The data:
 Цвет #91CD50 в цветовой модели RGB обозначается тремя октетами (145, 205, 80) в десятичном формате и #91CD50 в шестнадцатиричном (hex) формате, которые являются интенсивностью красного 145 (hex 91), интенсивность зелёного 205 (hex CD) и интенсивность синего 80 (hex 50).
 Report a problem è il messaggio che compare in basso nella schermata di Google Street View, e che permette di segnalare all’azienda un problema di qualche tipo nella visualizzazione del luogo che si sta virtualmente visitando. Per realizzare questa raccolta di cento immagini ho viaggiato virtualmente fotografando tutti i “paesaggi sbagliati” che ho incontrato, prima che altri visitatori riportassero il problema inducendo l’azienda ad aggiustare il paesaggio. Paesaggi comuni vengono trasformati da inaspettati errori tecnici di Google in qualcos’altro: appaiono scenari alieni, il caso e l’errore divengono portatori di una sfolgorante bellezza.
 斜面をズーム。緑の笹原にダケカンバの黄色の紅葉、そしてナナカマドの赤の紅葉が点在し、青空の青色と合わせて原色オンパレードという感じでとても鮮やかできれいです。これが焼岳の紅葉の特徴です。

Problem requirements: The full data, repeated exactly, is the only acceptable output.

Solution:
 Цвет #91CD50 в цветовой модели RGB обозначается тремя октетами (145, 205, 80) в десятичном формате и #91CD50 в шестнадцатиричном (hex) формате, которые являются интенсивностью красного 145 (hex 91), интенсивность зелёного 205 (hex CD) и интенсивность синего 80 (hex 50).
 Report a problem è il messaggio che compare in basso nella schermata di Google Street View, e che permette di segnalare all’azienda un problema di qualche tipo nella visualizzazione del luogo che si sta virtualmente visitando. Per realizzare questa raccolta di cento immagini ho viaggiato virtualmente fotografando tutti i “paesaggi sbagliati” che ho incontrato, prima che altri visitatori riportassero il problema inducendo l’azienda ad aggiustare il paesaggio. Paesaggi comuni vengono trasformati da inaspettati errori tecnici di Google in qualcos’altro: appaiono scenari alieni, il caso e l’errore divengono portatori di una sfolgorante bellezza.
 斜面をズーム。緑の笹原にダケカンバの黄色の紅葉、そしてナナカマドの赤の紅葉が点在し、青空の青色と合わせて原色オンパレードという感じでとても鮮やかできれいです。これが焼岳の紅葉の特徴です。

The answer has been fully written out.